Note subjective terms. First home buyers have been cooked by this Gov. Irreversible damage which any of the prior Govs could have addressed but Ardern let the graves be dug on her watch. John Key was the smiling assassin in the finance sector. Ardern is a gutless inept who uses social media and a fawning press to uphold her ineptitude.
I thought about the government's initiative to tweak the immigration setup only allow the 'high' skilled people to migrate to NZ.
I wondered whether it was sustainable to have A grade immigrants being constantly managed (or annoyed to be precise) by B or C grade NZ brewed managers.

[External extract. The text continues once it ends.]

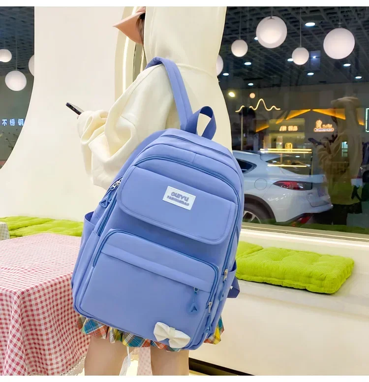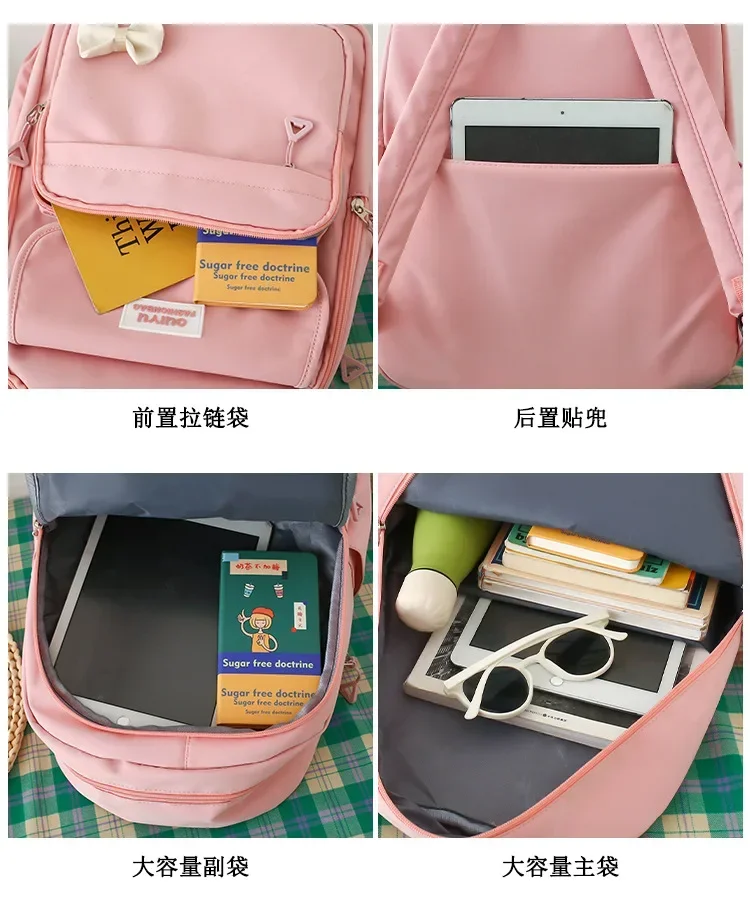 Las bolsas están hechas de tela delgada, la mochila sin soporte para la espalda, las correas sin espuma, se ven de mayor calidad en la foto.

To answer your question, it isn't sustainable.
When A-grade migrants and locals leave for greener pastures after being annoyed by B or C-grade managers, they leave a skill gap behind that is filled with mediocre candidates who go on to become B or C-grade managers, and this goes on.

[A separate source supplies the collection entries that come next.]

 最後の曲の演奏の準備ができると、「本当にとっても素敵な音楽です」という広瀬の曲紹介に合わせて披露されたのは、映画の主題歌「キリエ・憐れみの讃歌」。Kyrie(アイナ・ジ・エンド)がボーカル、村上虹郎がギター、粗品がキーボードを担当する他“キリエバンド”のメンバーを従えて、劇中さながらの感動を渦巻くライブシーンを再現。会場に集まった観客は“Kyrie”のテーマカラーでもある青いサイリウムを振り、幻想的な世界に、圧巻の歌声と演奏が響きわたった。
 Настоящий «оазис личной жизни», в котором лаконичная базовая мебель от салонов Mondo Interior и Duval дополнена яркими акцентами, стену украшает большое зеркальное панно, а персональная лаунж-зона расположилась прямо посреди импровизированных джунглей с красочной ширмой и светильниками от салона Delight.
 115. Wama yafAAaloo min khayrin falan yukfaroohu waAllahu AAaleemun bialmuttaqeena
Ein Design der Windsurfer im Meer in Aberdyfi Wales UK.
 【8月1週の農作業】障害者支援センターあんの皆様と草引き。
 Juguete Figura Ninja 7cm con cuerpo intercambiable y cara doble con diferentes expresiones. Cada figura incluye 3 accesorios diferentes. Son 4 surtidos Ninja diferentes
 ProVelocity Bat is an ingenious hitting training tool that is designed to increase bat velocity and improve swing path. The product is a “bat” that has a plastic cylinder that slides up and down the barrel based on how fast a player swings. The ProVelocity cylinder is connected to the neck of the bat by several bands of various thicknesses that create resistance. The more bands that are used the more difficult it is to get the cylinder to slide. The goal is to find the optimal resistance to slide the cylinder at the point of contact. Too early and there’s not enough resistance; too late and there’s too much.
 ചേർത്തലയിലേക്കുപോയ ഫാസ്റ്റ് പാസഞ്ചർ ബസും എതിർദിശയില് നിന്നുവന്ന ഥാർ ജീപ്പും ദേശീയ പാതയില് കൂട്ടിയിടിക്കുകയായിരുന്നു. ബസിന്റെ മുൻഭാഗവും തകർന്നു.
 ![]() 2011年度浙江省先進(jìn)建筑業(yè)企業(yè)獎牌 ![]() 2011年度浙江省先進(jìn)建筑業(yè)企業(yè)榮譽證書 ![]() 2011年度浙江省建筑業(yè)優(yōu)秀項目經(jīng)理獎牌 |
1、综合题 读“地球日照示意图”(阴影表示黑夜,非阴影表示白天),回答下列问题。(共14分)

Yeah it really is but it seems even less useful than that. According to the article above the money can be used for "early-stage feasibility studies, design, consenting" I mean that can be time consuming and might be 5% or so of the cost of the development? What am I missing here?
What good is a plan anyways? They were elected on their promise of delivery, not their ability to plan.
It would've helped to have a few members on the Labour election list who have real-world experience in delivering desired outcomes that don't involve union negotiations.
Let's not forget the moral of the story of the Pied Piper of Hamlet. 'Cheating people' can have unexpected and dreadful consequences. The term “pied piper” has entered the language in the sense of someone who, by means of personal charm, entices people to follow him or her, usually to disappointment or misfortune.
The govt this... the govt that....
Why are our companies not getting the business and taking orders?
Why is Flethcers share price not three times higher with an order book for twenty five years?
Ask yourselves that.
Go to the companies office and check the shareholders for fletcher building limited... the same shareholders as the banks...hsbc, jp Morgan,Citibank... hope we ain’t being taken for a ride sarc
"As for the remaining $2.8 billion in the Housing Acceleration Fund, Woods’ office confirmed the plan is still for this to be used to “accelerate the development of vacant or underutilised Crown-owned land"
This will be able to occur quickly because Nick Smith has already identified all this vacant or under-utilised Crown-owned land, hasn't he.